Hero or Villain? The series continues


This was certainly our most lively debate to date though, thanks to an unexpectedly dodgy internet connection, I was unable to participate in the first half. However, kudos to my co-conspirator Charles Jardine who rescued the entire hour with a magnificently adjudicated extended Q&A.


I think the summary of the discussion, if you exclude the extreme outliers on either side of the debate, is that we regard stocking as a necessary component of managed rivers. However, you can judge the mood for yourself by watching on You Tube or listen to the podcast.

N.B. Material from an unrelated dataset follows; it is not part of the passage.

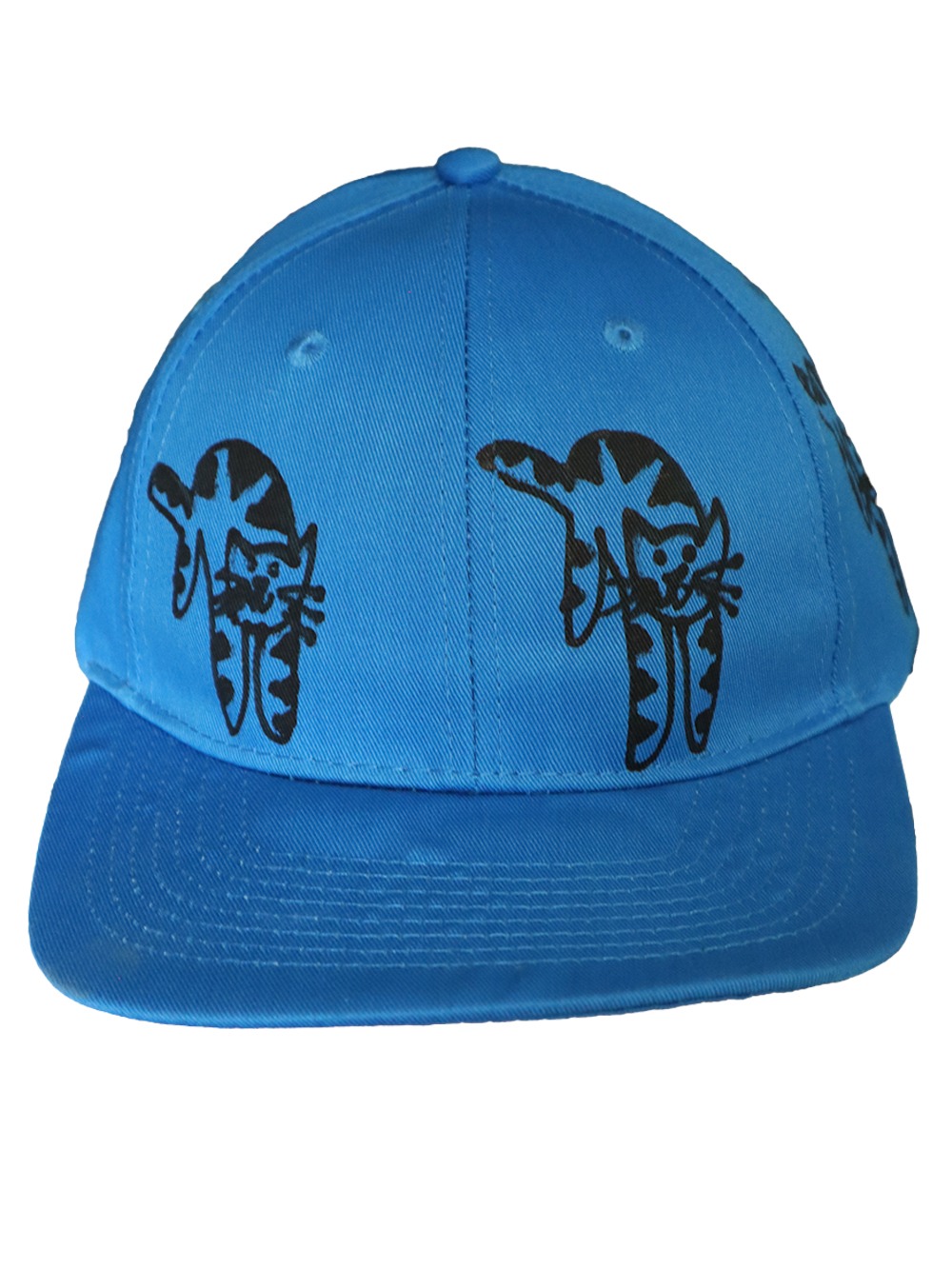 Black Jumping Cats hand painted on a Royal Blue Baseball Cap.

Next up is Hero or Villain? The north/south divide. In inviting comparisons between the relative merits of each are we doing our sport a disservice? Is there an angling red wall? Are we culturally different breeds? Is it all about cost? What can we teach each other? Where do/did the famous anglers live? Or is there really no difference?


As ever we will be live at 11am on the last Friday in the month, February 26th. And joining us this time on the panel from ‘the north’ will be accomplished fishing guides Marina Gibson and Phillippa Hake. If you have registered previously you will automatically receive a Zoom link 24 hours prior. Otherwise, register here to take part.


PS In post-debate correspondence Paul Kenyon from Devon sent me this interesting video he made that usefully illustrates the inverted pyramid of brown trout sizes in an all-wild river. 



World Fly Fishing Day


World Fly Fishing Day is coming on 21st June! It is the creation of Italian fly fisher Osvaldo Galizia who says, “WFF Day aims to be a special day for fly fishermen (sic) all around the world, celebrating the art of fly fishing.”


I am sure something has been lost in translation (surely, he means fly fishers?) but otherwise this has to be an initiative to be applauded especially when launched in the depth of a pandemic crisis. Details of the events are yet to be finalised but register your support by joining the WFF Day Facebook page which already has over 1,000 members.


I’ll keep you posted as well. Here is the Facebook link....




This week questions loosely based on topics mentioned in the Newsletter to confound, dismay or delight.


1) The robin has an orange breast but is called a red breast. Why?


2) When was the first series River Monsters broadcast?


3) Which famous painting was stolen from the National Gallery of Norway on this day in 1994?



Have a good weekend.



Best wishes,



Simon Cooper

Founder & Managing




Quiz answers:


1) In the 14th century, when the robin was first named, there was no word for orange in the English language.

2) 2009. Since then there have been 10 series and 103 episodes, all presented by Jeremy Wade.